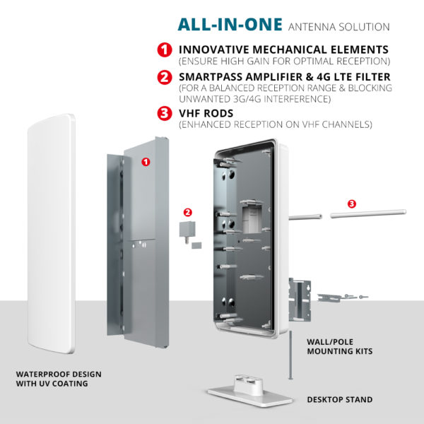 1) Smartpass Amplifier, exclusive ANTOP technology, uses an all-in-one design allowing easier connection while delivering the correct balance between short and long range reception.
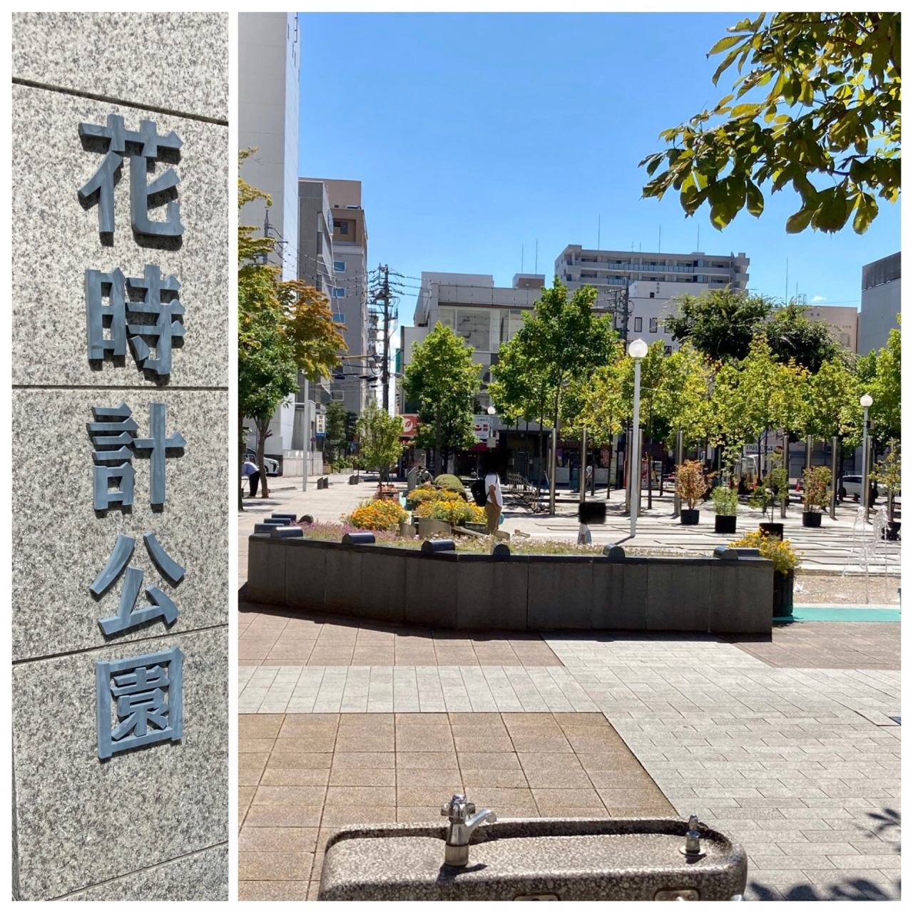松本駅前から伸びる公園通りを歩いて行くと左側にパルコが、そして右側に花時計公園があります。公園というか、広場というか?小綺麗に整備された開放的なエリアです。駅前の一等地にこれだけ広い公園があることに驚きました。
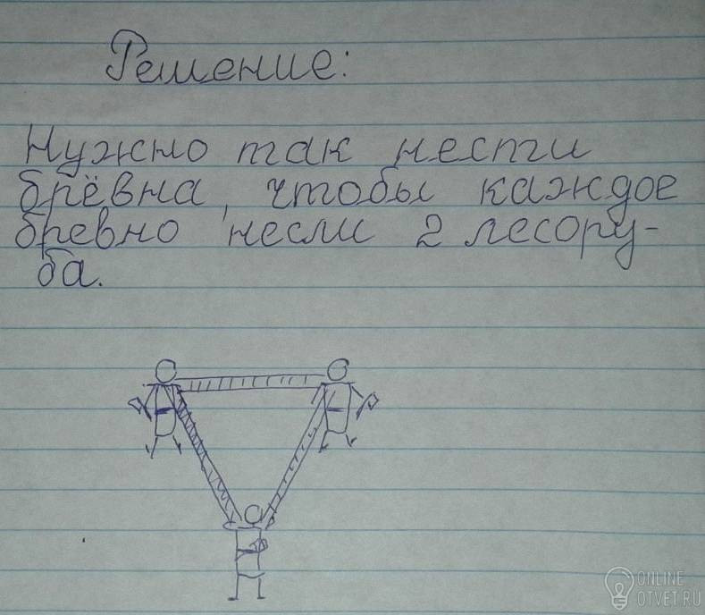И все же лесорубы принесли 3 бревна сразу да так что у каждого была по 2 бревна
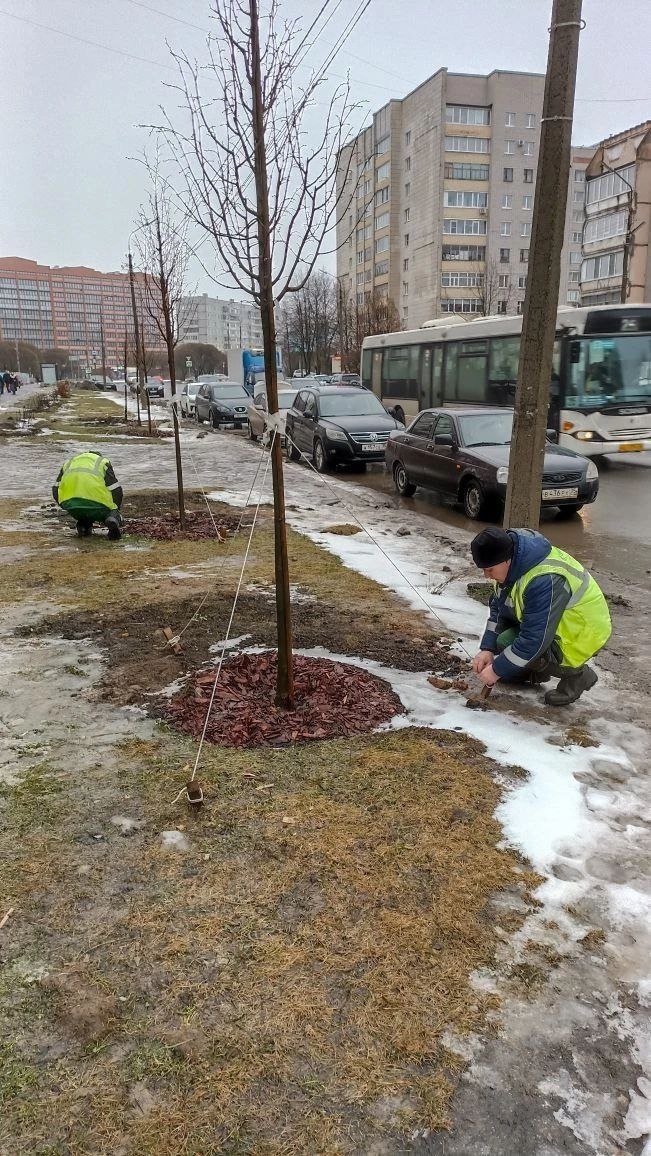 Молодые саженцы, наклонившиеся от ветра, снега и других причин, закрепляют растяжками, пока земля оттаяла.
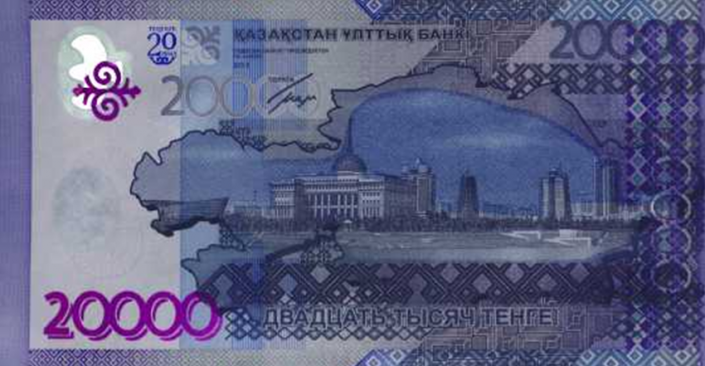 "Слева в верхней части банкноты расположен крылатый конь, принятый во многих культурах, включая тюркоязычные и кочевые народы, как символ чистого света и жизни, вдохновения и плодородия, целеустремленности и власти. Посередине внизу банкноты расположено изображение триумфальной арки Мәңгілік Ел - архитектурное отражение идеи вечности свободной страны, национальной идеи общеказахстанского дома. На оборотной стороне основным изображением в центре банкноты выступает контур карты Казахстана и панорама столицы - Астаны со зданиями Акорды, Парламента и правительства, расположенными в порядке, отражающем принцип разделения ветвей власти, заложенный в Конституции Республики Казахстан", - говорится в сообщении.
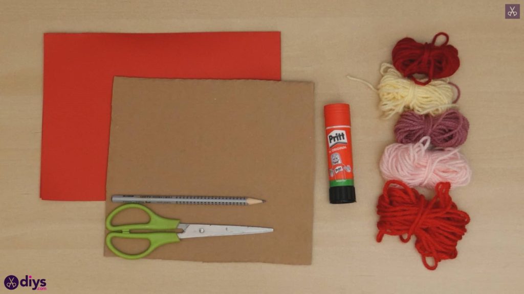 - Yarn in various colors. We used red, two shades of pink, and yellow

Exercise requirements
Exact copy, no pictures. Write out the lines in the entries above, starting with the line with "И все же лесорубы" and going on through the line with "Молодые саженцы, наклонившиеся", keeping both.

Expected output
И все же лесорубы принесли 3 бревна сразу да так что у каждого была по 2 бревна
 Молодые саженцы, наклонившиеся от ветра, снега и других причин, закрепляют растяжками, пока земля оттаяла.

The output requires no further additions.